Futuresource Consulting has released data showing pay-TV remains a strong performer in Spain.
According to the analysts, the country is “navigating a different course” from other European markets, with pay-TV retaining a 47 per cent share of total spend in 2025. The sector’s strength is bolstered by premium sports rights, multi-service bundles from major operators and a strong fibre-led IPTV expansion, which now accounts for more than 80 per cent of pay-TV households, according to the data.
While satellite TV has declined, telcos continue to expand, with Movistar Plus+, Orange and Vodafone playing what Futuresource called “a defining role”.
Rachel Mitchell, research analyst at Futuresource Consulting, said, “Spain doesn’t follow the patterns we’re seeing elsewhere. It sets its own pace. And while other markets are moving towards streaming dominance, Spain continues to balance a powerful Pay-TV base with one of Europe’s most energetic FAST and ad-supported ecosystems. It’s this combination of loyalty, innovation and localised choice that makes Spain such a compelling market to watch.”

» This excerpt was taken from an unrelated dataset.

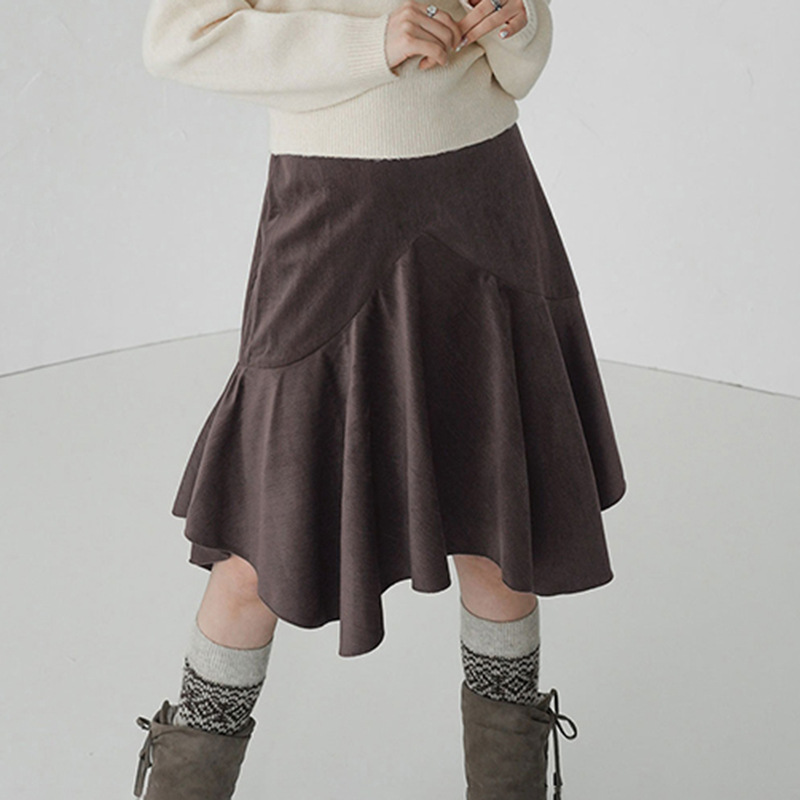 Autumn And Winter Retro Design Irregular Midi Skirt For Women

Futuresource expects revenue to grow at a 4 per cent CAGR out to 2029, highlighting the contrast with declines experienced in territories such as the UK and Italy.
The country is emerging as a powerhouse in ad-supported streaming markets, with around 75 per cent of viewers consuming FAST/AVoD content every week and 60 per cent reporting they no longer watch linear TV, added the analysts.
These figures represent the highest shift among major European markets. Platforms including Pluto TV and Samsung TV Plus continue to expand rapidly, with each service providing more than 100 themed channels. Rakuten TV is also strengthening its B2B partnerships and FAST portfolio, said the analysts.
“This surge reflects a clear behavioural trend,” said Mitchell. “Spanish audiences are increasingly comfortable mixing premium pay-TV subscriptions with free, ad-supported streaming, with hybrid viewing engagement levels that place Spain ahead of many other markets.”
The SVoD market continues to grow, although its pace has slowed compared to previous years. Consumer spend is expected to reach €2.1 billion for 2025, with subscriptions predicted to reach 21.3 million fuelled by service stacking and strong engagement with local originals. Together, Netflix, Amazon Prime Video, Disney+ and HBO Max account for 87 per cent of all subscriptions. Growth in the adoption of ad-supported tiers is broadening accessibility but moderating overall growth,
Mitchell added, “Looking ahead, Spain’s video market is on track to exceed €6.3 billion by 2029. Yet what truly defines Spain is its balance between premium pay-TV, increased FAST usage, and a rich ecosystem of global and local streaming services. It’s a market shaped by choice, not replacement, and that’s where its long-term strength continues to lie.”